* _INSTRUCTIONS TO FOLLOW_
Every line below needs to be transcribed without alteration, and no image may be carried over.

* _SUPPLIED DATA_

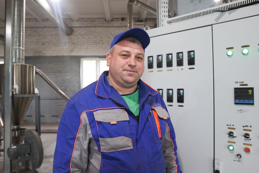 На минутку отвлекаем от работы и старшего оператора Александра Прокопчука, он родом из Крупок. Считает, что вытянул счастливый билет, устроившись в ООО "Бергия Групп". До прихода сюда долгое время жил на колесах. Попробовал разные профессии: строил мосты в Минске, пять лет каждый день ездил в Борисов на шпалопропиточный завод. Говорит, платили хорошо, но работа тяжелая, да и ночи бессонные - несколько часов занимала дорога туда и обратно. Когда новое предприятие организовывалось в военном городке, без сожаления оставил работу грузчика в магазине.
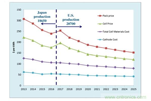 Panasonic、Samsung、LG的18650電池良率一般在98%以上(一次直通率),而國(guó)內(nèi)的一般控制在90%左右,電池的成本降低是以量和良率的不斷提高為基礎(chǔ)的,下圖為Tesla電池成本的降低圖。這里面存在的潛在風(fēng)險(xiǎn)是:“Battery cost will go up slightly in 2017 due to high depreciation charges, but larger capacity per cell will neutralize the increase by 2018. However, if the factory is installed and utilization is below, say, 70%, there will be no cost advantage over evolutionary growth, even in 2020”。
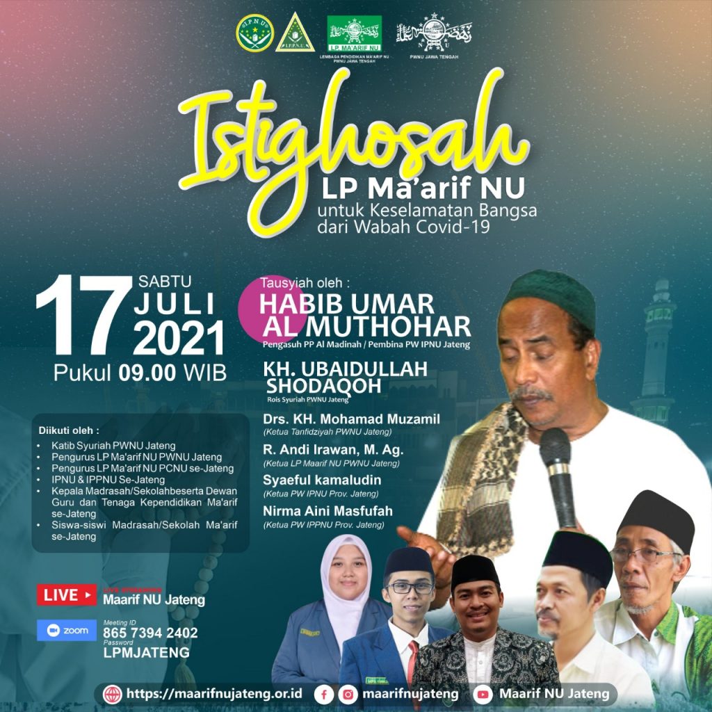 Semarang – Dalam rangka berikhtiar memohon keselamatan bangsa dari wabah covid-19, Lembaga Pendidikan Ma’arif NU PWNU Jawa Tengah menggelar istighosah secara virtual, Sabtu (17/7/2021). Kegiatan yang dirangkai dalam bentuk Istighosah LP Ma’arif NU untuk Keselamatan Bangsa dari Wabah Covid-19 ini diikuti ratusan peserta dari unsur pengurus Ma’arif, Kepala Madrasah dan Sekolah, siswa dan siswi Ma’arif NU, dan kader IPNU-IPPNU se Jawa Tengah.

* _RESPONSE_
 На минутку отвлекаем от работы и старшего оператора Александра Прокопчука, он родом из Крупок. Считает, что вытянул счастливый билет, устроившись в ООО "Бергия Групп". До прихода сюда долгое время жил на колесах. Попробовал разные профессии: строил мосты в Минске, пять лет каждый день ездил в Борисов на шпалопропиточный завод. Говорит, платили хорошо, но работа тяжелая, да и ночи бессонные - несколько часов занимала дорога туда и обратно. Когда новое предприятие организовывалось в военном городке, без сожаления оставил работу грузчика в магазине.
 Panasonic、Samsung、LG的18650電池良率一般在98%以上(一次直通率),而國(guó)內(nèi)的一般控制在90%左右,電池的成本降低是以量和良率的不斷提高為基礎(chǔ)的,下圖為Tesla電池成本的降低圖。這里面存在的潛在風(fēng)險(xiǎn)是:“Battery cost will go up slightly in 2017 due to high depreciation charges, but larger capacity per cell will neutralize the increase by 2018. However, if the factory is installed and utilization is below, say, 70%, there will be no cost advantage over evolutionary growth, even in 2020”。
 Semarang – Dalam rangka berikhtiar memohon keselamatan bangsa dari wabah covid-19, Lembaga Pendidikan Ma’arif NU PWNU Jawa Tengah menggelar istighosah secara virtual, Sabtu (17/7/2021). Kegiatan yang dirangkai dalam bentuk Istighosah LP Ma’arif NU untuk Keselamatan Bangsa dari Wabah Covid-19 ini diikuti ratusan peserta dari unsur pengurus Ma’arif, Kepala Madrasah dan Sekolah, siswa dan siswi Ma’arif NU, dan kader IPNU-IPPNU se Jawa Tengah.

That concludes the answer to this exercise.